Three very different approaches to the same problem. Google Search — and I mean the programmatic search API, not you typing into a browser — returns a ranked list of web pages based primarily on PageRank and dozens of other signals. It's optimized for popularity and authority, not factual accuracy. The core assumption is that if lots of people link to something, it's probably useful. That's a great assumption for "where's the nearest pizza place" but a terrible one for "what did the EU actually legislate last month." Tavily, which we used before Exa, takes a different approach: it searches, retrieves the top results, and then uses a language model to summarize them into a single coherent paragraph. It's a single-shot summarization layer on top of a search index. Exa does something fundamentally different. It uses what they call neural search — embedding queries and documents into a shared vector space, then retrieving based on semantic similarity rather than keyword matching. And critically, it doesn't just fire off one query and return results. It issues multiple sub-queries, evaluates what comes back, and refines its search based on what it finds.

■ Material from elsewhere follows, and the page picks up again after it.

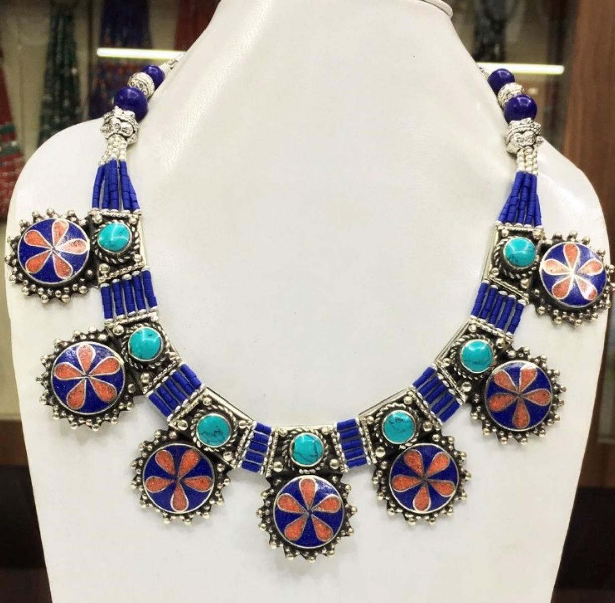 Tibet Natural Stone Hand Made Turquoise, Coral & Lapis Lazuli Necklace.......This elegant large Necklace was handcrafted in Tibet, the home of exquisite jewelry craftsmanship. It was skillfully made with large natural Turquoise, each in a deep Tibetan Silver setting. and balance the design perfectly. Turquoise is used virtually worldwide for jewelry making, and is highly prized for its brilliant colors, which vary from mine to mine. The distinctive webbing patterns and variations of color in the stones on this wonderful piece are typical of the natural Turquoise found throughout much of the Himalayan region, where Turquoise has been used in jewelry-making since centuries.”””Note- All stones in this necklace are Natural.....Guaranteed....Vintage look but necklace is brand new.

It's not just a better search engine. It's a different category of thing. Like the difference between a library catalog and a research assistant who actually reads the books.
That's the key insight. To understand why Exa works so well, we need to look at three specific architectural decisions that set it apart from Google and Tavily. First, the embedding approach. Second, the agentic loop. Third, the structured metadata output.

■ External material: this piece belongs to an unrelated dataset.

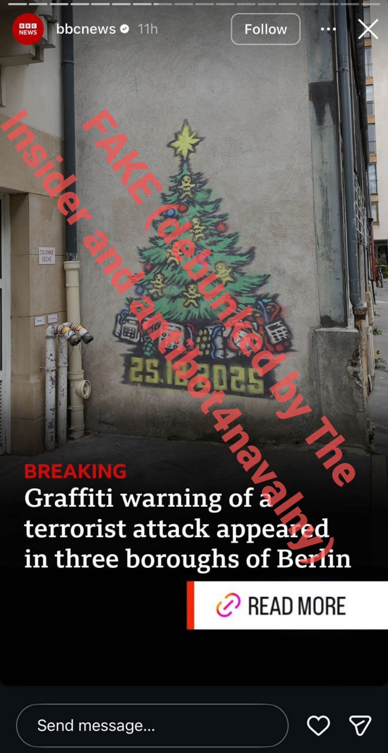 Кроме того, боты распространяют картинки с пугающими граффити, якобы появившимися в Берлине, — на них изображена рождественская елка с часовой бомбой под ней.
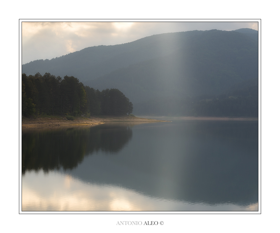 Un raggio di luce atterra sulle limpide acque del Lago Ampollino

Let's start with embeddings. What does neural search actually mean in practice? Because "vector space" sounds like something from a physics lecture.
Traditional search engines like Google use an inverted index. Imagine the index at the back of a book — you look up a word, it tells you which pages contain that word. Google does this at massive scale, with sophisticated ranking algorithms on top, but fundamentally it's matching keywords to documents. You search for "EU AI regulation May twenty twenty-six" and it looks for pages containing those terms. Neural search works differently. Exa takes your query and converts it into a vector — essentially a list of numbers that represents the semantic meaning of your question. It does the same thing with every document in its index. Then it finds documents whose meaning-vectors are closest to your query-vector. The magic is that this captures conceptual similarity, not just word overlap.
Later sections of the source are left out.